Thi is a Sierra made with Bronze Box Elder Burl with Copper fittings. Opinions on this color combination welcomed.








Thank you.


----------



## reed43 (Jun 10, 2006)

I think you found a very good match.


----------



## Dario (Jun 10, 2006)

Nice pen!  [^]


----------



## Pipes (Jun 10, 2006)

Looken good !!![]





http://affordablepipes.com/


----------



## L32 (Jun 10, 2006)

Very nice color combination


----------



## Glenn McCullough (Jun 10, 2006)

excellent combo! nice pen.


----------



## challagan (Jun 10, 2006)

I like it!! I think the combo looks great. 

Corey


----------



## Jerryconn (Jun 10, 2006)

Very nice! the combination is perfect.


----------



## guts (Jun 10, 2006)

Great looking pen,and combo.


----------



## wags54 (Jun 10, 2006)

great looking pen exactly the right combo!!


----------



## angboy (Jun 10, 2006)

I love the two together- can you tell it's a hit?

And please don't take offense at this (or please ask your wood not to...) but the finish is so shiny, at first I thought it was some kind of swirly acrylic until I read what it really was! So the finish is great too!


----------



## Rifleman1776 (Jun 10, 2006)

Hope ye don't mind, I took the liberty of fiddlin' with the picture. IMHO, this gives a better idea of the color of the wood. I like.



<br />


----------



## Dan (Jun 10, 2006)

Beautiful!  I think Box Elder makes terrific pens, the burl has so much movement you can just get lost in there.  The Sierra is one of my favorite kits.  I recently got an order for 10, using stabilized Maple Burl, IMHO, a good color against the gold hardware.  Very nice.  What was your choice of finish?


----------



## PenWorks (Jun 10, 2006)

I think is's GREAT [] Nice looking pen jim


----------



## Jim15 (Jun 11, 2006)

Thanks everyone for the opinions and nice comments.

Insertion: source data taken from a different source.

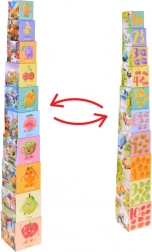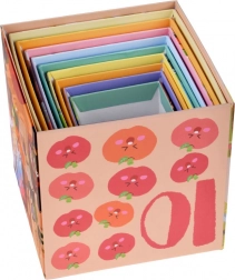 Zabavna i pametna igračka za male istraživače: set od 10 šarenih kartonskih kocaka za slaganje tornjeva i umetanje jedna u drugu. Ilustracije s voćem i brojevima 1–10, prijevoznim sredstvima i životinjama u zanimanjima potiču razvoj rječnika, logike i fine motorike. Izdržljiva izrada od kvalitetnog tvrdog kartona i lako spremanje zahvaljujući umetanju jedna u drugu.
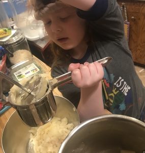 We used something called a “ricer” to smoosh the potato. Seems like a funny name, don’t you think?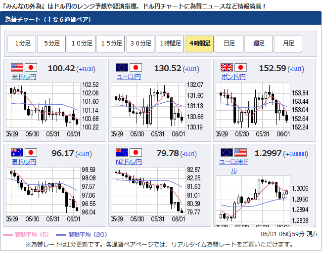23:00 (米) 5月ISM非製造業景況指数/4月製造業受注指数

The finish is Ca using Fangars method.

Frank thanks for redoing the piture, it looks much better. If it's not to long or involved could you tell me how you did it. I have Paint Shop Pro and have used it some but can't get the pics to come out that good. Did you just lighten the pic?

Thanks again all,


----------



## Daniel (Jun 11, 2006)

Sharp looking pen. I like it.


----------